TASK TO CARRY OUT:
Transcribe every entry verbatim; omit pictures.

SOURCE MATERIAL:
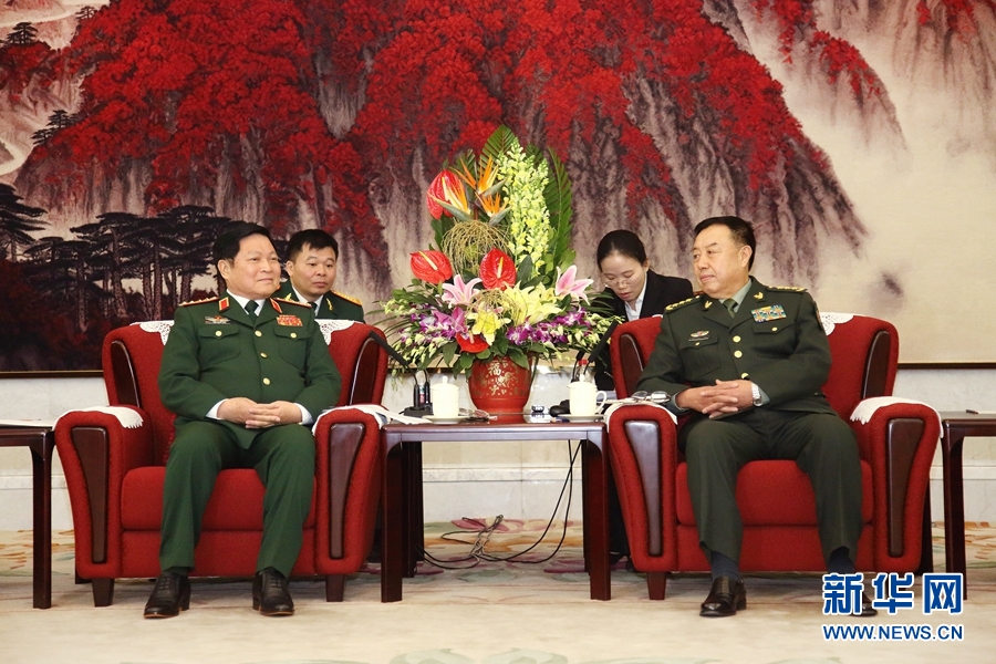 1月13日,中央軍委副主席范長(zhǎng)龍?jiān)诒本┌艘淮髽菚?huì)見(jiàn)越南國(guó)防部長(zhǎng)吳春歷。新華社發(fā)(劉芳 攝)
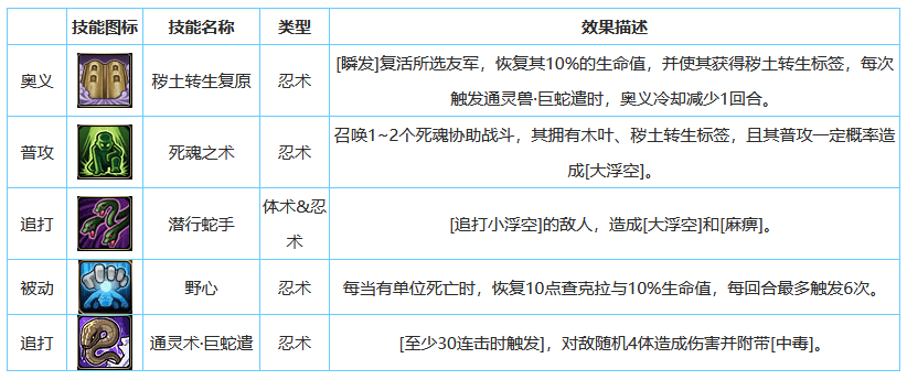 火影忍者OL手游兜大蛇奥义复活队友,触发追打缩减奥义冷却的话能让复活奥义用得更多,还是很厉害的。
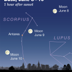 ماه پُرنور در حدود ساعت ۱۱ شب در نزدیکی صورت فلکی عقرب طلوع میکند. در ساعات سحرگاه چهارشنبه، ماه در جنوبشرقی دیده میشود، در حالی که ستارهی نارنجیرنگ «قلبالعقرب» در پایین سمت چپ آن میدرخشد.
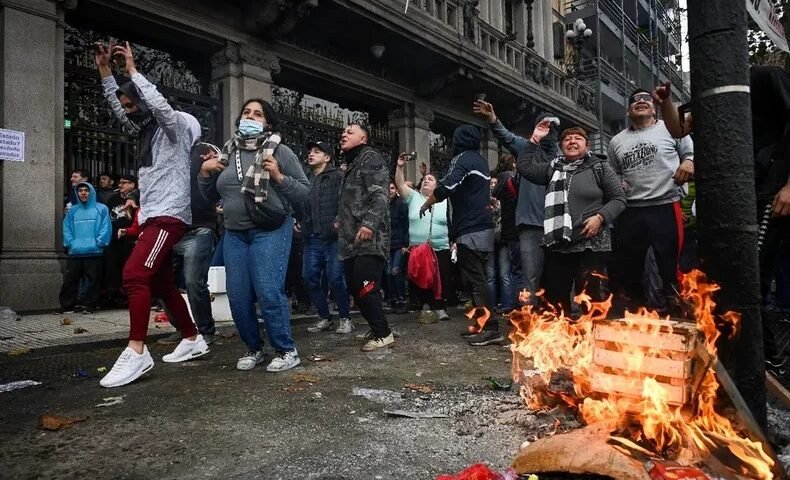 En ese marco, una de las imágenes del día fue cuando los manifestantes dieron vuelta un auto del móvil de Cadena 3 y posteriormente lo prendieron fuego en las inmediaciones del Congreso.
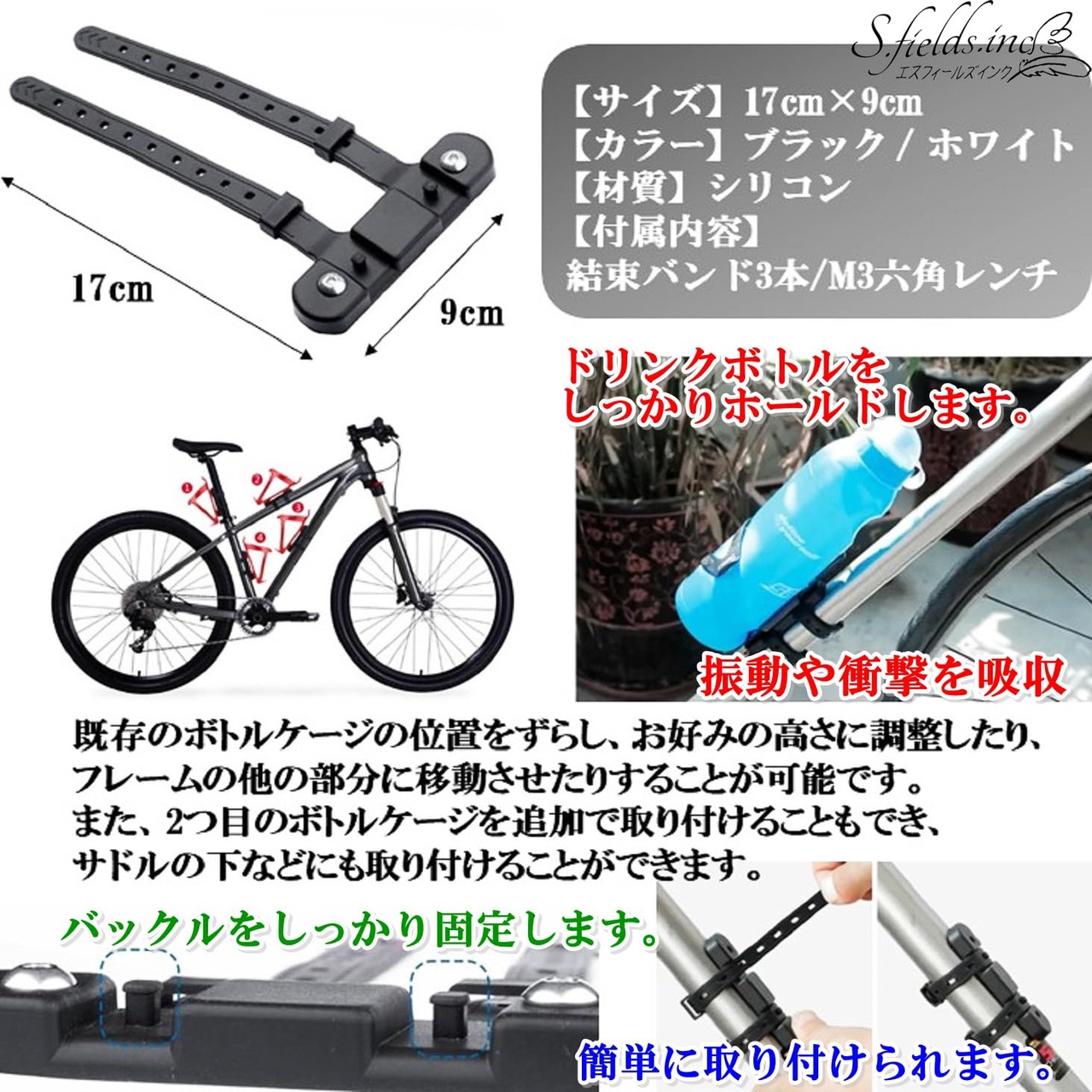 S.fields.inc ボトルケージアダプター ドリンク ホルダー 自転車用 追加後付け ロードバイク シリコン (ホワイト)

REPLY TO THE EXERCISE:
 1月13日,中央軍委副主席范長(zhǎng)龍?jiān)诒本┌艘淮髽菚?huì)見(jiàn)越南國(guó)防部長(zhǎng)吳春歷。新華社發(fā)(劉芳 攝)
 火影忍者OL手游兜大蛇奥义复活队友,触发追打缩减奥义冷却的话能让复活奥义用得更多,还是很厉害的。
 ماه پُرنور در حدود ساعت ۱۱ شب در نزدیکی صورت فلکی عقرب طلوع میکند. در ساعات سحرگاه چهارشنبه، ماه در جنوبشرقی دیده میشود، در حالی که ستارهی نارنجیرنگ «قلبالعقرب» در پایین سمت چپ آن میدرخشد.
 En ese marco, una de las imágenes del día fue cuando los manifestantes dieron vuelta un auto del móvil de Cadena 3 y posteriormente lo prendieron fuego en las inmediaciones del Congreso.
 S.fields.inc ボトルケージアダプター ドリンク ホルダー 自転車用 追加後付け ロードバイク シリコン (ホワイト)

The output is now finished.